Similar to the situation in α5-null mutant mice [173] β3-subunit KO mice exhibit lower baseline anxiety-related behavior, and β3-null mutant mice show altered hypothalamic pituitary–adrenal axis responses [195]. Changes also were observed in locomotor activity, prepulse inhibition, and some behavior that is controlled partly by nigrostriatal and mesolimbic dopaminergic activity [196].

5.3. α4* and β2* nAChRs

Previous studies of KO mice suggested that α4/β2* nAChRs are critical for nicotine-related reward behavior [197, 198] and the α4 nAChR subunit usually assembles with the β2 subunit in major heteromeric nAChRs. In the α4-subunit-KO animal line, the behavior of mutant mice in the elevated plus-maze assay is consistent with greater basal anxiety relative to the phenotype of wild-type mice [197]. In response to nicotine, wild-type mice exhibit early reductions in a number of behavioral topographies in any habitat, whereas increased behavioral topographies in unhabituated mutant mice are reduced by nicotine [197]. Similarly, α4-subunit-KI mice have α4* receptors that are hypersensitive to nicotine [198-200]. Actually, selective activation of α4* nAChRs with low doses of agonist recapitulates the nicotine effects proved to be important in NA, including reinforced responses to nicotine administration, tolerance, and sensitization to SC induced by chronic nicotine administration [198-200]. These data indicate that the activation of α4* nAChRs is sufficient for nicotine-elicited reward, tolerance, and sensitization.

The KO mice lacking the β2 subunit do not exhibit any nicotine-associated responses in SC, with absence of nicotine-elicited DA release and the raised firing rate of DA neurons in the dorsal striatum (DS) and ventral striatum (VS) [110, 201]. The β2-KO mice display more somatic signs of nicotine withdrawal and the abstinence-induced hyperalgesia than do wild-type mice [172] whereas the mutant mice do not display anxiety-related behavior that normally is associated with NA and SC in animals having chronic nicotine exposure [109]. Furthermore, the upregulation of nAChRs in vivo requires the presence of β2 subunit to modulate the animal’s adaptation to nicotine exposure, and β2+/+ mice develop dose-dependent tolerance with upregulation of [3H]epibatidine-binding sites [202]. Moreover, null-mutant analysis of β2-KO mice revealed that deletion of this subunit, but not the α7 subunit, reduced sensitivity to nicotine-induced locomotor depression and hypothermia [203]. Also, the β2 nAChR subunit mediates to some extent the dose-dependent effects of nicotine on locomotor activity and body temperature after drug injection [203]. In other reports, the systemic administration of DhβE (a α4β2* nAChR antagonist) in the VTA increased the intracranial self-stimulation (ICSS) thresholds of nicotine-dependent animals [204-206] whereas α6β2* nAChRs are expressed in both the VTA and the VS [204-206]. Additionally, KO mouse studies targeting the β6 subunit indicated that β6β2* nAChRs might play a critical role in nicotine-induced behavior [207]. These β2* nAChRs therefore might be targets for drugs to treat the affective and somatic effects of NA and SC. In practice, varenicline is a non-nicotine pharmaceutical that can act as a partial agonist at α6β2* nAChRs, and it is currently approved for the treatment of NA and SC [208, 209].

5.4. α2* and α7* nAChRs

α2-subunit KO mice self-administer higher doses of nicotine than wild-type control animals [210] and α2-null mutant mice show many somatic symptoms of NA and SC in a new habitat but few somatic signs in a familiar habitat [210]. Furthermore, α2-subunit deletions or null mutations abolish the somatic deficits and symptoms of NA and SC in KO mice [174, 178]. Variants in CHRNA2 have proved to be strongly associated with the results of the Fagerström Test for Nicotine Dependence (FTND) in a genome-wide association analysis (GWAS) of European-Americans and African-Americans [211].
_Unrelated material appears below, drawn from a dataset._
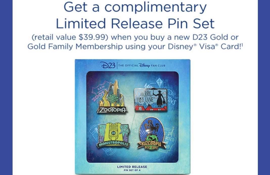 - Disney Visa Cardholders can get a free limited edition D23 Fantastic Worlds pin set when they sign up for a D23 Gold or Gold Family Membership before October 31st, 2020.

In another report, the hyperalgesia symptoms emerging during mecamylamine-elicited nicotine withdrawal were reduced significantly in α7-subunit-KO mice [212]. Compared with wild-type mice, α7-null mutant mice displayed no elevated ICSS thresholds during 3–6 h after nicotine exposure [109, 182]. It appeared that KO mice lacking α7 subunits might have a delay in the somatic symptoms induced by NA and SC [109, 182]. Moreover, genetic deletion of the adenosine A2A receptor prevents nicotine-induced upregulation of α7 in the brain [213] whereas α7-null mice exhibit significantly decreased chronic oral nicotine intake [214] and somatic signs of nicotine-induced symptoms of nicotine abstinence [215] but displayed unaffected nicotine self-administration and anxiety-like behaviors after nicotine withdrawal [215, 216]. However, no definite role of the β7 nAChR subunit in nicotine addiction and reward was detectable or in conditioning observed in KO mice [175] despite the wide distribution of β7 nAChR subunits in the brain, especially in the mesocorticolimbic system.
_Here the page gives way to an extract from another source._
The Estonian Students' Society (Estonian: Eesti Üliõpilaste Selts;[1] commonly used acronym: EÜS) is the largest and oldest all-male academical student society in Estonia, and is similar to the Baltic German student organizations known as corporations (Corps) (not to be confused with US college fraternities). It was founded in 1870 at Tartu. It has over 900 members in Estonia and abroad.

Because of many research issues, there are few preclinical or clinical data available on the null mutation effects of β3-, α3-, and α5-KO on NA- and SC-related behaviors in mice. Nevertheless, these studies suggest that many subunits may be useful in understanding the mechanisms of NA and SC effects in nAChR-targeted KO mice. Those unpleasant physical signs and symptoms associated with NA and SC may be mediated by nAChRs containing the β2, β4, β6, α4, α6, or α7 subunits. Studies of transgenic KO mice have revealed some genetic regulatory roles of nAChR subunits in NA and SC involving several neuronal subtypes of nAChRs and the relevant neurobiological mechanisms. These studies also have demonstrated that mutations in the nAChR subunits of KO mice increase the risk of NA and SC and decrease the functional response of nAChRs.

6. Insight from specific rare variations of NAChR subunits

Human genetic association studies with robust tests have identified significant rare variants contributing to nicotine addiction and their location, structure, and risk information in several nAChR subunit genes [103, 105]. At present, the roles of those rare variants in nicotine-induced risks have not been well characterized. However, using the genetic data, together with advanced biotechnology methods, we can evaluate the functional effective subunits (e.g., the human α6 nAChR subunit shown in Fig. 2) and critical amino acid sites to explore possible mechanisms. Meanwhile, there have been some molecular studies related to nicotine addiction probing these rare variants of nAChR subunit genes with site-directed mutagenesis and transient transfection and other methods in artificial gene expression systems (Table 3). This part of the review focuses on the genetic effects of specific rare variants on the functional expression and sensitivity to nicotine-induced receptor upregulation and desensitization of nAChR subunits and subtypes.

Fig. (2).

Fig. (2)

Ribbon diagrams of amino acid variation localizations to secondary structures and interfaces of human α6 nAChR subunit. (A) and (B) illustrate the amino acid residues undergoing variation in a 3D model of the secondary structures of the hα6 nAChR subunit. (C-E) illustrate the interfaces contributed by α6 and other subunits to formation of α6* nAChRs. Adapted from Fig. 2 of Dash and Li (2014) [244].

Table 3.

Representative rare variants in nAChR subunits.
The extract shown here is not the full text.